Seems to me that a public key should be identified by a cryptographic hash of it, rather than the public keys itself. Then the attacker would need to replace the entire hash, rather than just a few bits, because the hash changes completely just by flipping a single bit in the input.
The attacker isn't making targeted modifications to your public keys, though: they're randomly glitching it, and using the page sharing implemented by the hypervisor to read out and factor the glitched version.
Even with say a 64 bit checksum then there's only a 1 in 2^64 chance of the randomly modified key/checksum pair matching. But you could use a cryptographic hash as your checksum if you wanted.
I only suggest this not because I think it would be a complete defence against all Rowhammer attacks - it wouldn't - but because the general fragility of the RSA construction means that doing it with any potentially corrupted input gives me the willies. There are other sources of bitflips other than Rowhammer and it just strikes me as a generally good idea not to leak the results of RSA operations performed on potentially bitflipped inputs.

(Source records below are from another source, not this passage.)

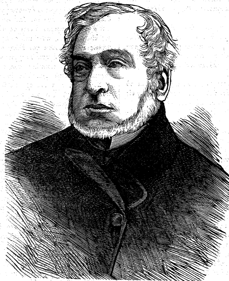
Ο βαρῶνος ΡΟΘΣΙΔΑ

Ἐν τῷ αὐτῷ τόπῳ ἔζη πλούσιος κύριος, ἀγαθὸς μὲν ἀλλὰ ἐκδοτος εἰς ἀστεϊότητα. Ἡμέραν τινα ἐπρότεινε εἰς τινὰς φίλους νὰ πορευθῶσι μετ' αὐτοῦ εἰς τὸν ἅγιον Δερβίσην πρὸς ἐπίσκεψιν. «Ἐπιθυμῶ», εἶπεν ὁ κύριος, «νὰ τῷ ὑποβάλω τρία ζήτήματα εἰς τὰ ὁποῖα ποτὲ δὲν θὰ δυνηθῆ νὰ ἀπαντήσῃ». Εὗρον
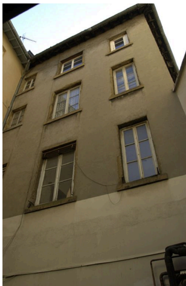
Elévation sur cour, étages supérieurs IVR82_20046904450NUCA
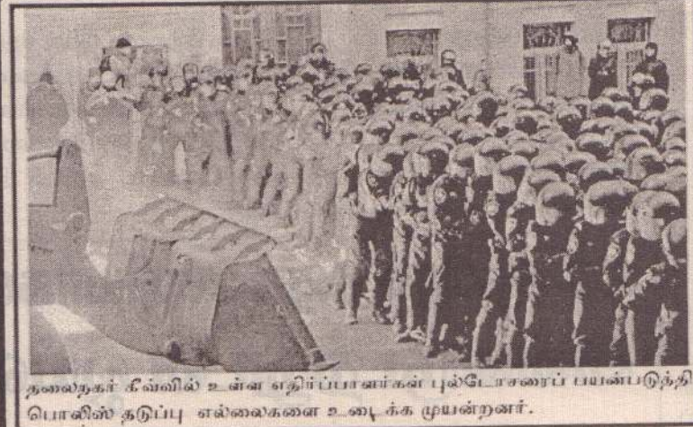
தலைநகர் கீவ்வில் உள்ள எதிர்ப்பாளர்கள் புல்டோசரைப் பயன்படுத்தி பொலிஸ் தடுப்பு எல்லைகளை உடைக்க முயன்றனர்.

குற்றச்சாட்டை சுமத்தியது மற்றும் அவரை கைது செய்ய பிடி ஆணை பிறப்பித்தது.
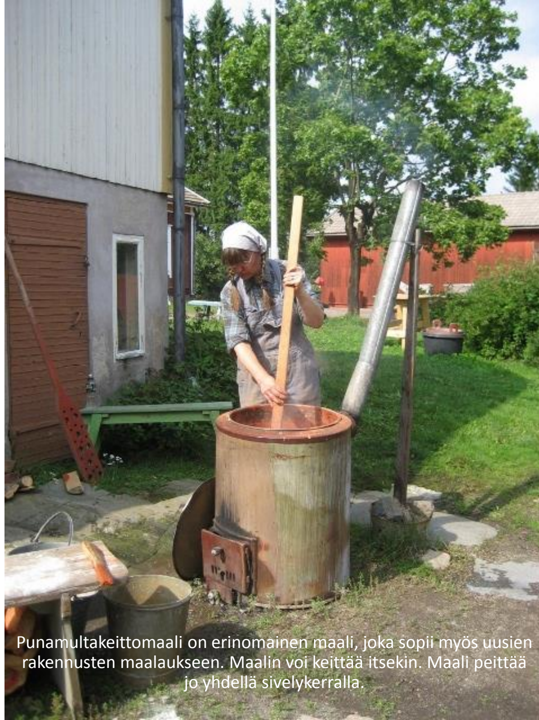
Punamultakeittomaali on erinomainen maali, joka sopii myös uusien rakennusten maalaukseen. Maalin voi keittää itsekkin. Maali peittää jo yhdellä sivelykerralla.
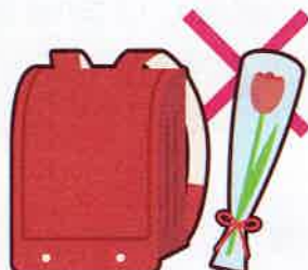
入学祝い・卒業祝い
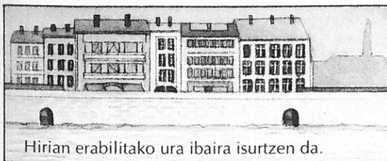
Hirian erabiltzeko ura ibaira isurtzen da.
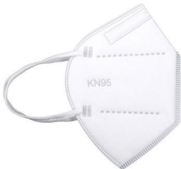
Sl.11 Zaštitna maska N95 [11]
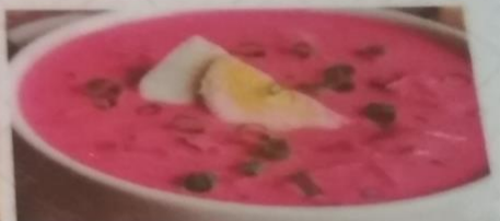
ХОЛОДНЫЙ БОРЩ 250г 170р.
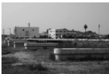
大辻下大野線西光寺橋橋梁架替事業
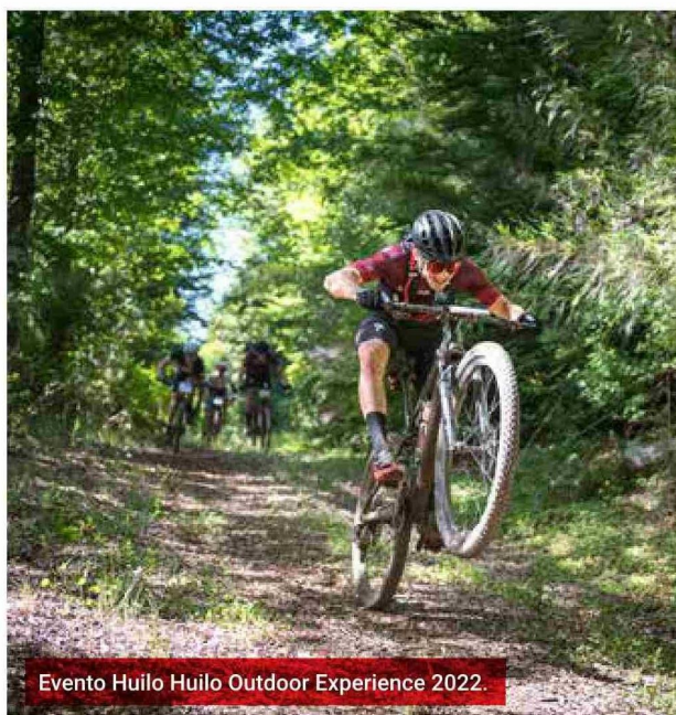
Evento Huilo Huilo Outdoor Experience 2022.

“LA FUNDACIÓN HUILO HUILO TIENE COMO MISIÓN CONSERVAR EL BOSQUE HÚMEDO TEMPLADO, JUNTO CON LAS COMUNIDADES, PARA MEJORAR LA CALIDAD DE VIDA PRESENTE Y FUTURA”.
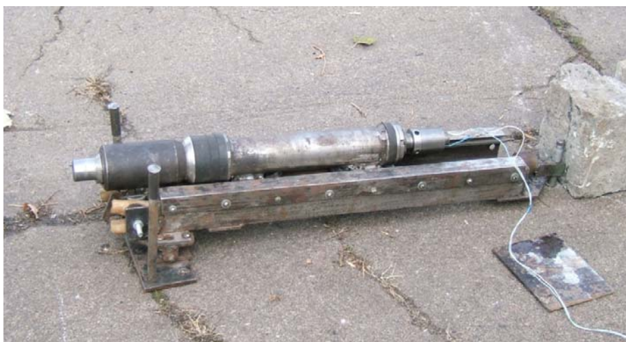
Рис. 1 – Экспериментальный образец водяной системы пожаротушения импульсного действия

Экспериментальные исследования проводились с помощью экспериментального образца водяной системы пожаротушения импульсного действия (ВСПИД) (рис. 1).
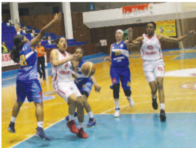
Akción a marosvásárhelyiek 2-es számmal játszó idegenlégiója: nemigen tudták megállítani a jászvásáriakat.

Ami tény, Sălceanu egészen más stílusban cserél, gyakrabban forgatja a játékosokat, a kilenc rotációban mindenkinek fontos szerep és idő jut, és ezzel egyes játékosok
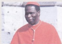
BERNARD GANTIN (1922-2008)
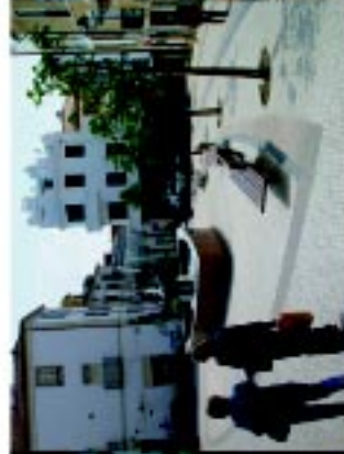
3 Largo Ramiro Guedes
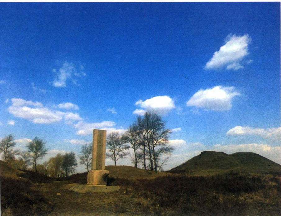
金上京会宁府遗址
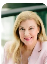
Meta Günther W&V Wer Wo Was und W&V Markt

Tel.: 089/2183-7073 E-Mail: micaela.marti@wuv.de
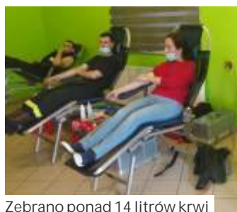
Zebrano ponad 14 litrów krwi

Podziękowania dla organizatorów przekazał Klub PCK HDK Pszów, mający patronat nad lokalnym krwiodawstwem. (mr)
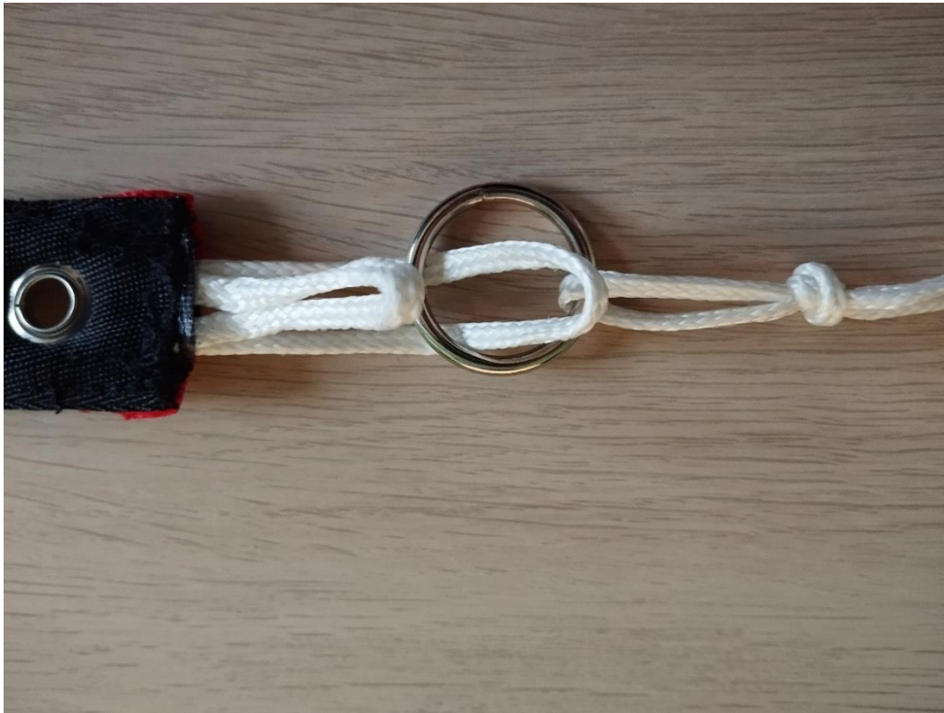
Abbildung: Die lange Schlaufe der Klinke wird durch den Ring des Vorseils geführt.
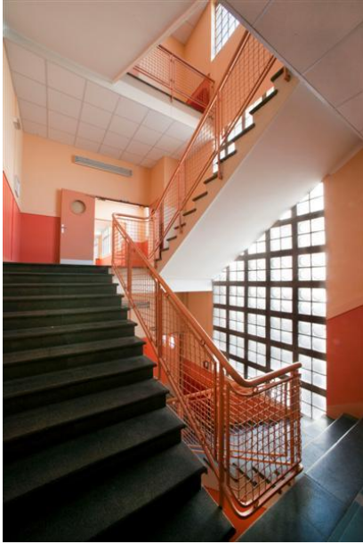
Escalier à l'intérieur du collège de Châteauneuf-sur-Loire (Loiret).
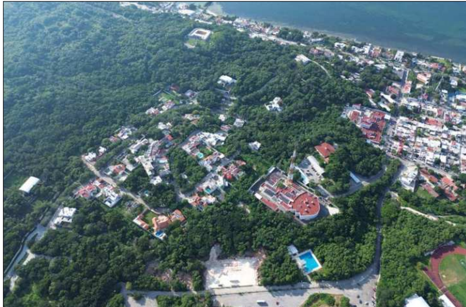
▲ La gobernadora Layda Sansores confirmó que la Universidad Nacional Rosario Castellanos es un hecho y destacó la recuperación de tierras que pertenecían a los campechanos.

Ya se realizó la expropiación y está publicado en el Periódico Oficial del Estado; el Registro Público de la Propiedad y del Comercio

No, much simpler - store a checksum alongside public keys in places like .ssh/authorized_keys, and have the software like sshd recompute the checksum of the in-memory key each time it uses it for authentication.
This doesn't sound correct. What if the attacker times the operation so that the bit corruption occurs after the checksumming but before being actually used for cryptographic operations?
Memory errors are particularly disturbing because they are often highly dependent on data and access patterns, and can be extremely difficult to pinpoint without special testing tools. I've personally experienced a situation where a system which otherwise appears to work perfectly well would always corrupt one specific bit of a file when extracting one particular archive.
As a testing tool, MemTest86+ has always worked well for me, and the newer versions can detect rowhammer, although there is this interesting discussion about whether it is actually a problem (to which I say a resounding YES!!!) or if there's some sort of cover-up by the memory industry:
http://www.passmark.com/forum/memtest86/5903-rowhammer-probl...
http://www.passmark.com/forum/memtest86/5475-memtest86-v6-2-...
Run it on your hardware and if it fails, I think you should definitely complain and get it fixed.